- _Data for this task_:
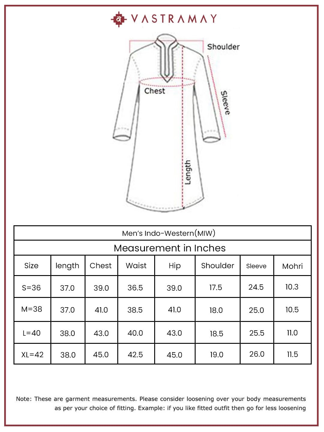 <p><b>Brand:</b> VASTRAMAY</p><p><b>Color:</b> Navy Blue</p><p><b>Features:</b> <ul><li>Fabric: Silk Blend | Contents: a Silk Blend Jacquard Indo Western for Men.</li><li>Medium length and Regular Fit. Our Kurta fitting is usually slightly relaxed compared to a Regular Shirt's fitting. Select your Kurta size based on your chest dimension. Note: if one has a heavier abdomen compared to chest then he should select one size bigger kurta.</li><li>All our kurtas have five inches loosening over the body measurement. So if your chest round measurement is 38 inches then you should go for a 38 (Medium) size Kurta which will have a garment ready chest measurement of 43 inches. We offer six sizes - Small = 36 (Chest - 41), Medium = 38 (Chest - 43), Large = 40 (Chest - 45), X- Large = 42 (Chest - 47), XX - Large = 44 (Chest - 49) and XXX - Large = 46 (Chest - 51).</li><li>Suitable for: Party, Weddings, Regular Wear, Celebrations, Occasions, Festivals, Lohri, Pongal, Makar Sakranti, Baisakhi, Holi, Eid, Raksha Bandhan, Dussehra, Diwali, Navratri, Pooja, Christmas, Onam, Ganesh Chaturthi, Janmasthmi and Gifts for Mens.</li><li>Wash Care Instructions: Dry Clean preferably or cold light wash | Disclaimer: We have made a consistent effort to make the colors and finishes similar to the image of the products you see on screen. However, the actual product and the images on the website</li></ul></p><p><b>Package Dimensions:</b> 84x612x760</p><p><b>Details:</b> DescriptionSilk Blend Jacquard knee length regular sherwani, has a mandarin collar, long sleeves,Wear it in parties,traditional functions and festive occasion.</p>
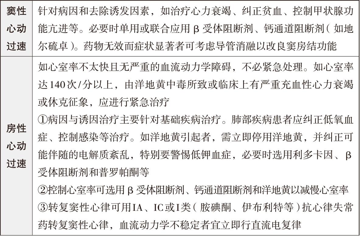 1.一般治疗 患者应立即卧床休息消除紧张情绪和顾虑,保持环境安静,可以应用小剂量的镇静剂和抗焦虑药物。对于有发绀、呼吸困难或其他高危表现患者,给予吸氧,监测血氧饱和度,维持SaO 2 >90%。同时积极处理相关疾病,如感染、发热、甲状腺功能亢进、贫血、低血压、心力衰竭、低氧血症、肺部感染、快速型心律失常和严重的缓慢型心律失常。
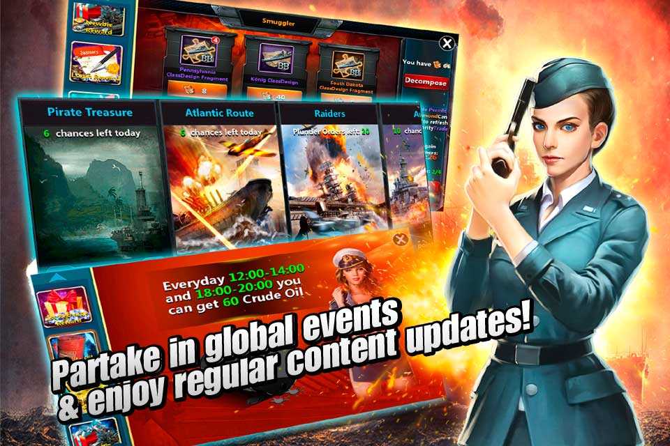 Age of Ships: battleships war – это захватывающая мобильная стратегия, в которой вы сможете построить свой личный флот и принять участие в масштабных морских баталиях. Воюйте с игроками по всему миру, улучшайте свои корабли, зарабатывайте награды и бесценный опыт, чтобы ваши военные силы стали еще мощнее и смертоноснее. Высококлассная графика, широкие возможности для развития стратегии, удобное управление и многие другие преимущества проекта делают его одним из лучших в своем жанре.
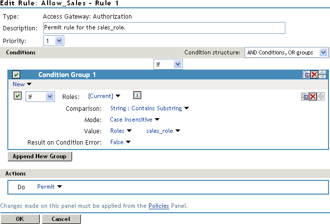 With no conditions in the condition group, this creates a general deny rule that matches everyone. The users who have been assigned the sales role match the first rule that is processed. Everyone else matches this general deny rule.
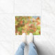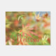 No cenário das folhas verdes de verão de um ácer japonês que fluía para vermelhos e amarelos do outono, uma folha de esqueleto de rosa e ouro desce lentamente para o chão.
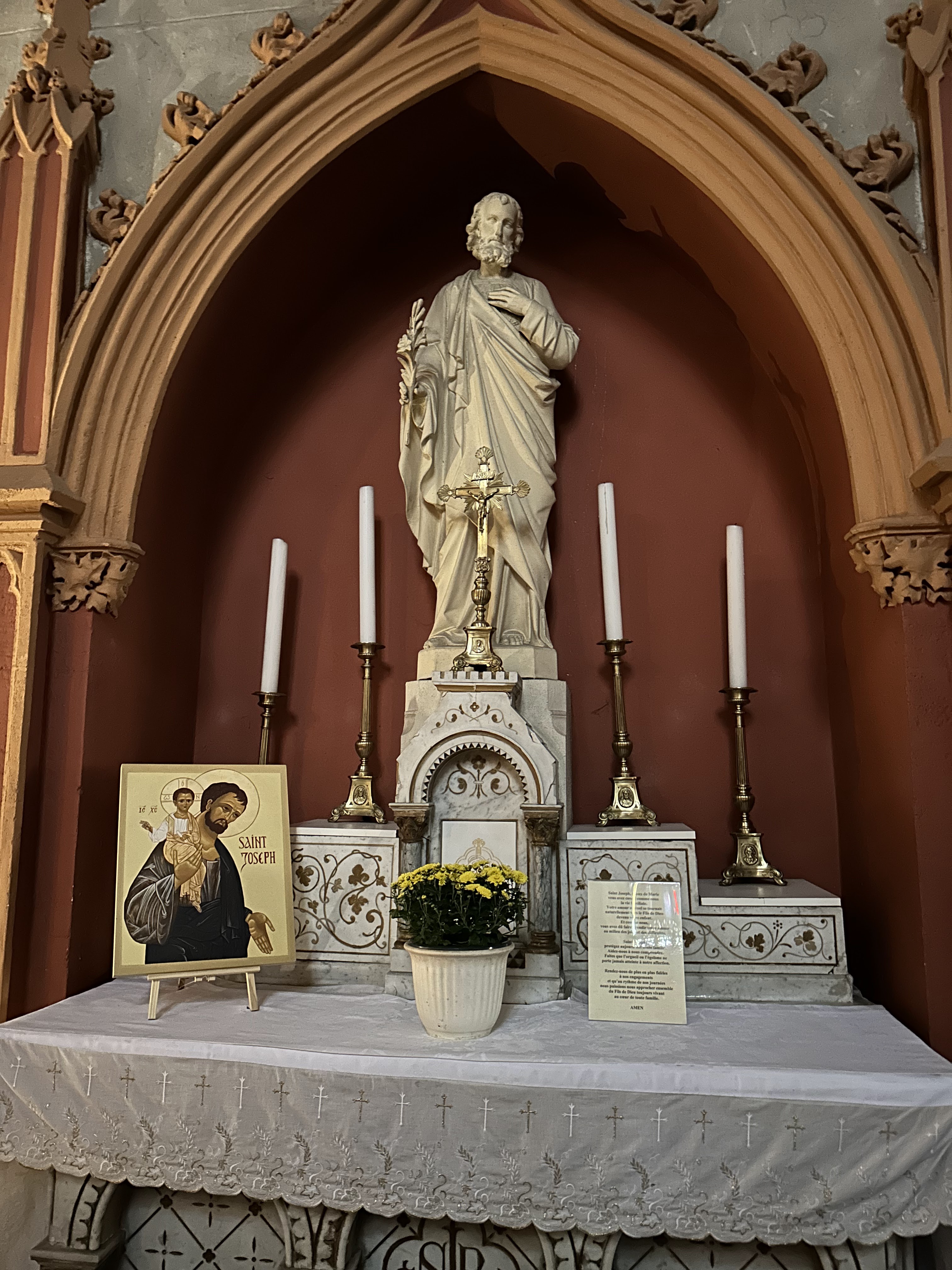 Nous avons vraiment apprécié notre visite à l’église Saint-Blaise et Saint-Martin. Il s’agit d’une église paroissiale plus petite que la plus grande cathédrale que nous voyons. Nous avons eu la chance de venir entre les services un dimanche et avons trouvé l'église toujours ouverte mais sans service. A l'intérieur se trouve un coffre contenant les ossements du Benneureux Jean-Joseph Lataste, dominicain né à Cadillac en 1832. Béatifié par feu notre Pape Benoît XVI en 2013.
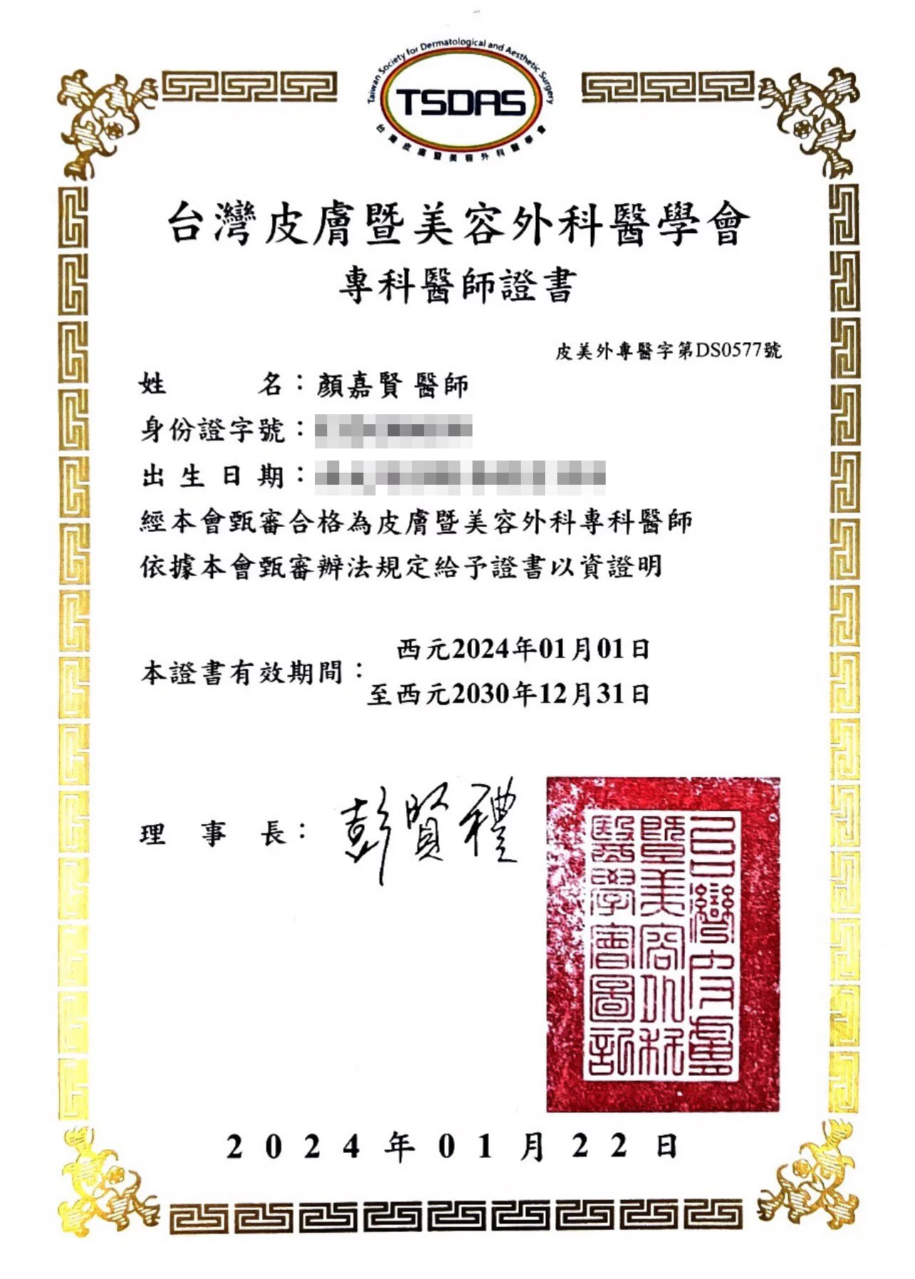 臺灣皮膚科醫學會會員
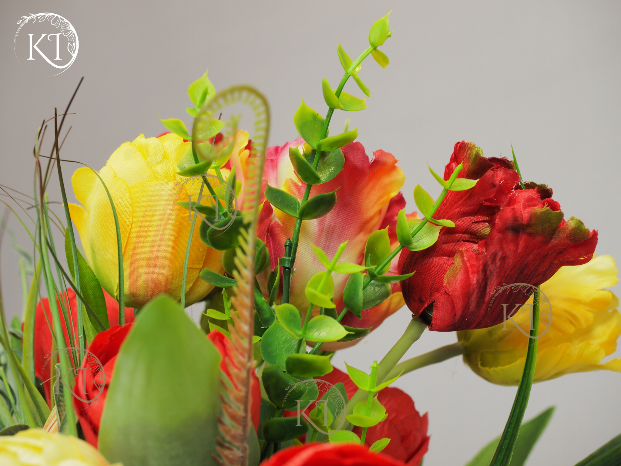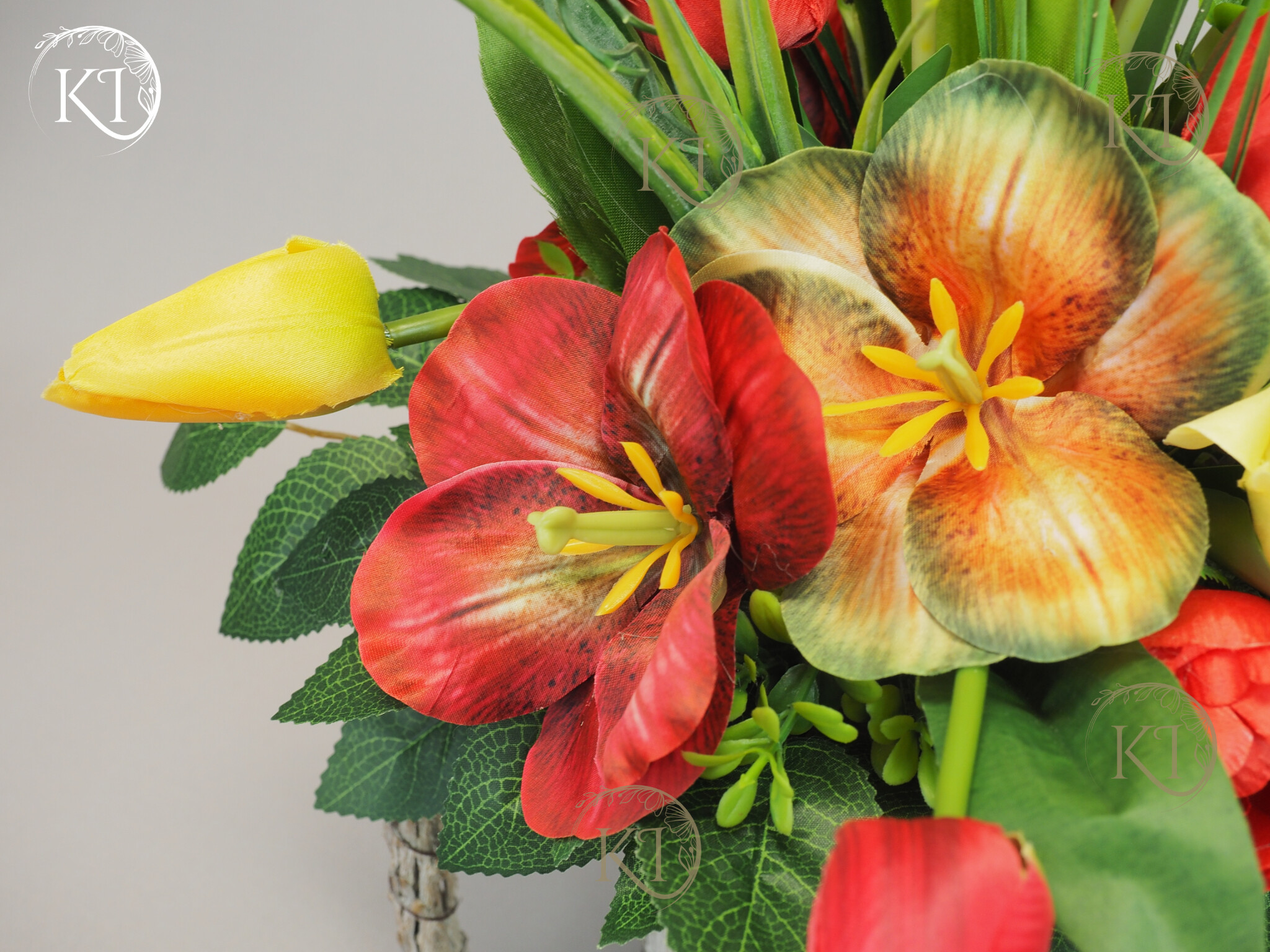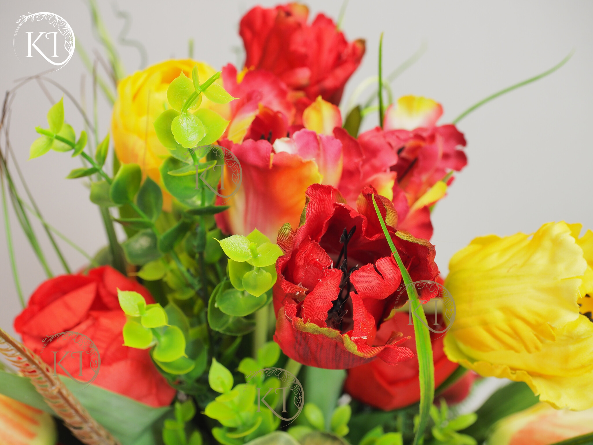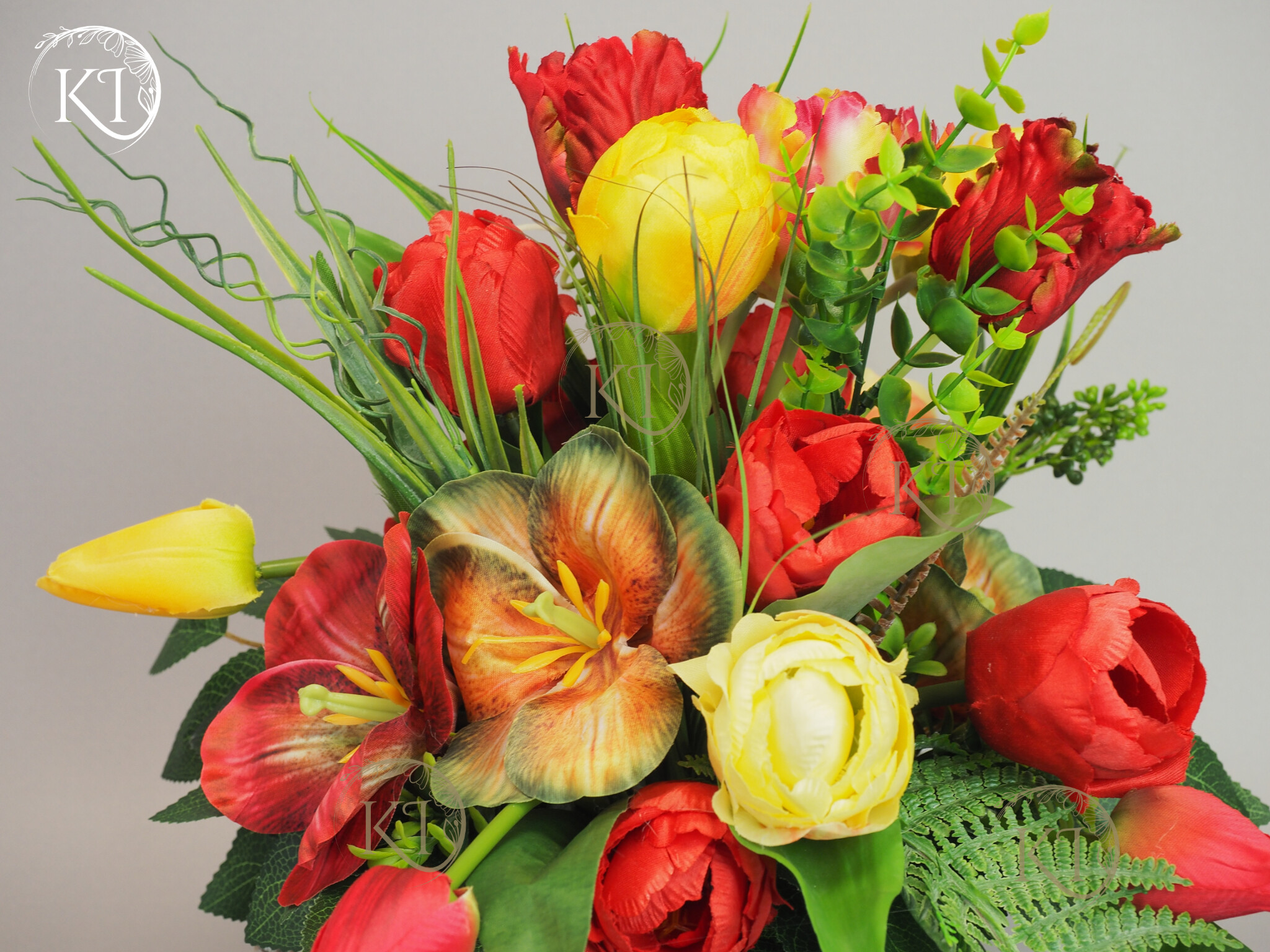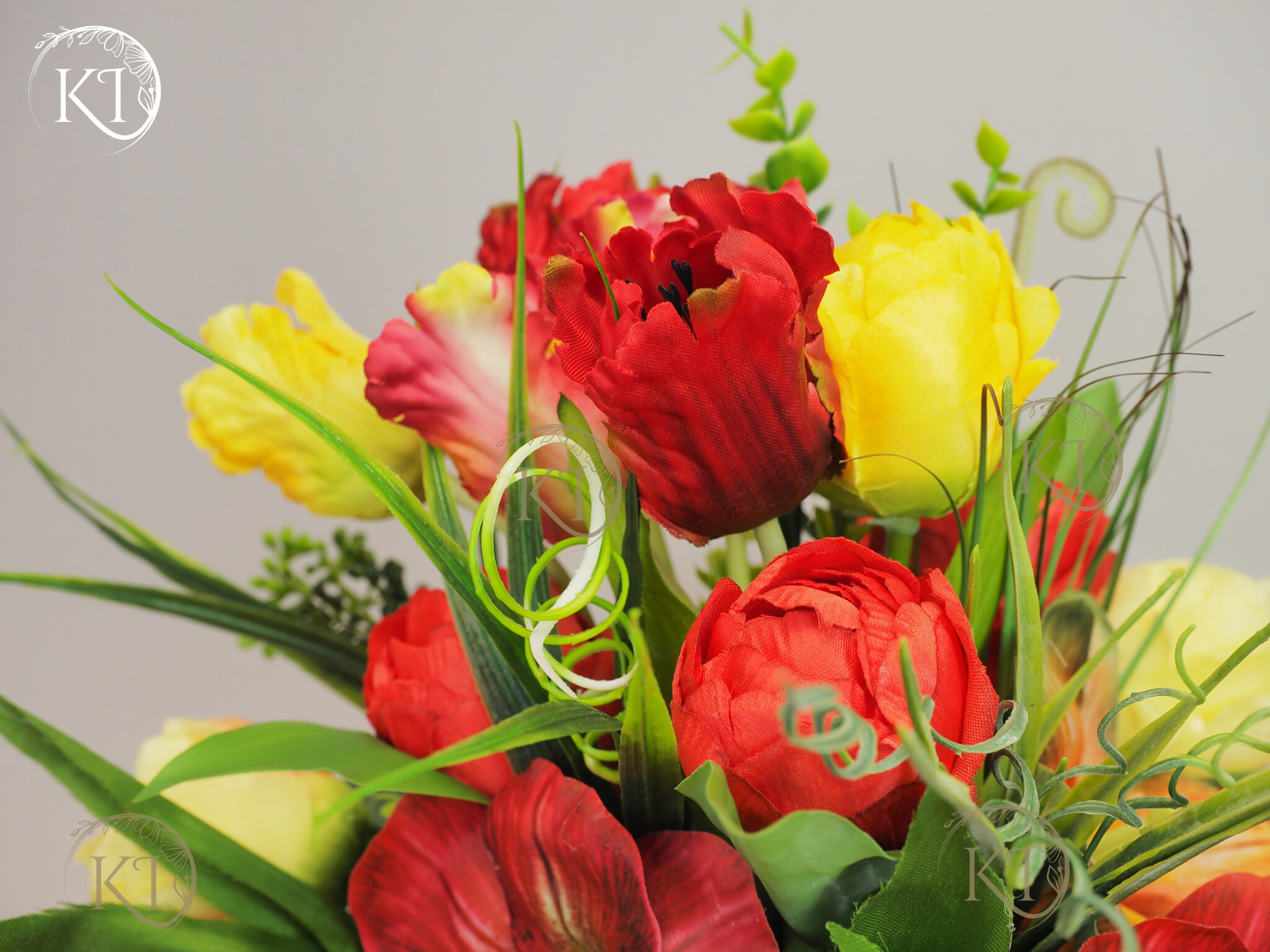 Stroik, Dekoracja ze sztucznych tulipanów w obciążonej podstawie, imitującej kubek z uchem.

- _Task requirements_: Working down from the line with "Age of Ships: battleships", copy each line exactly until the last line of the entries, which is also included. Omit the pictures.

- _Output for this task_:
 Age of Ships: battleships war – это захватывающая мобильная стратегия, в которой вы сможете построить свой личный флот и принять участие в масштабных морских баталиях. Воюйте с игроками по всему миру, улучшайте свои корабли, зарабатывайте награды и бесценный опыт, чтобы ваши военные силы стали еще мощнее и смертоноснее. Высококлассная графика, широкие возможности для развития стратегии, удобное управление и многие другие преимущества проекта делают его одним из лучших в своем жанре.
 With no conditions in the condition group, this creates a general deny rule that matches everyone. The users who have been assigned the sales role match the first rule that is processed. Everyone else matches this general deny rule.
 No cenário das folhas verdes de verão de um ácer japonês que fluía para vermelhos e amarelos do outono, uma folha de esqueleto de rosa e ouro desce lentamente para o chão.
 Nous avons vraiment apprécié notre visite à l’église Saint-Blaise et Saint-Martin. Il s’agit d’une église paroissiale plus petite que la plus grande cathédrale que nous voyons. Nous avons eu la chance de venir entre les services un dimanche et avons trouvé l'église toujours ouverte mais sans service. A l'intérieur se trouve un coffre contenant les ossements du Benneureux Jean-Joseph Lataste, dominicain né à Cadillac en 1832. Béatifié par feu notre Pape Benoît XVI en 2013.
 臺灣皮膚科醫學會會員
 Stroik, Dekoracja ze sztucznych tulipanów w obciążonej podstawie, imitującej kubek z uchem.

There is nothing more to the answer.